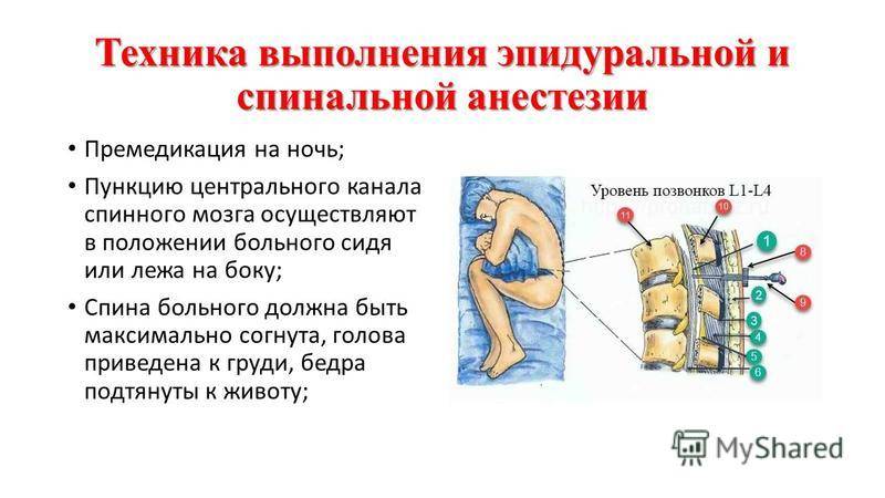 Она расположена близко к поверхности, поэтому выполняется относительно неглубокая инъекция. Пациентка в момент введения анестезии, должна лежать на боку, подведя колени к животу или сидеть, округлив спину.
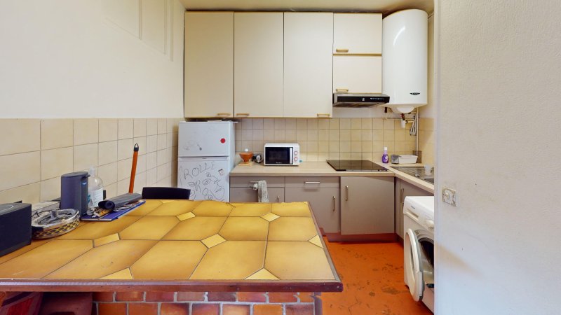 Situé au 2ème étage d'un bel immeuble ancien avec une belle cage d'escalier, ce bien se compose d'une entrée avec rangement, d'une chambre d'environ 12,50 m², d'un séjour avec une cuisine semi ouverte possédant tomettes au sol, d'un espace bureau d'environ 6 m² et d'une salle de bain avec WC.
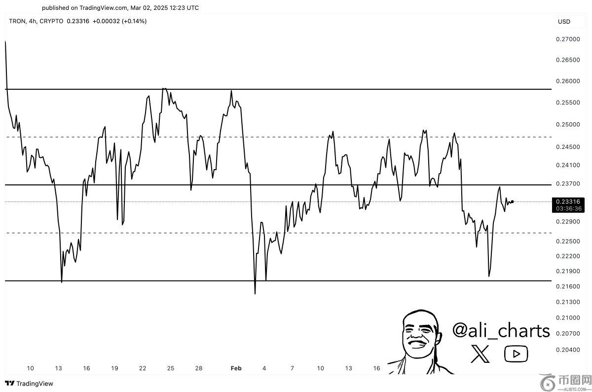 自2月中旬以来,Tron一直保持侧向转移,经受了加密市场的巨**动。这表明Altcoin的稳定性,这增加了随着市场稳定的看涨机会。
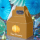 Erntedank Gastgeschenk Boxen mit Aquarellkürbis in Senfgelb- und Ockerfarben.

Assignment
The response should consist of the lines above from the first through the one containing "自2月中旬以来,Tron一直", transcribed exactly, with every picture left out.

Expected answer
 Она расположена близко к поверхности, поэтому выполняется относительно неглубокая инъекция. Пациентка в момент введения анестезии, должна лежать на боку, подведя колени к животу или сидеть, округлив спину.
 Situé au 2ème étage d'un bel immeuble ancien avec une belle cage d'escalier, ce bien se compose d'une entrée avec rangement, d'une chambre d'environ 12,50 m², d'un séjour avec une cuisine semi ouverte possédant tomettes au sol, d'un espace bureau d'environ 6 m² et d'une salle de bain avec WC.
 自2月中旬以来,Tron一直保持侧向转移,经受了加密市场的巨**动。这表明Altcoin的稳定性,这增加了随着市场稳定的看涨机会。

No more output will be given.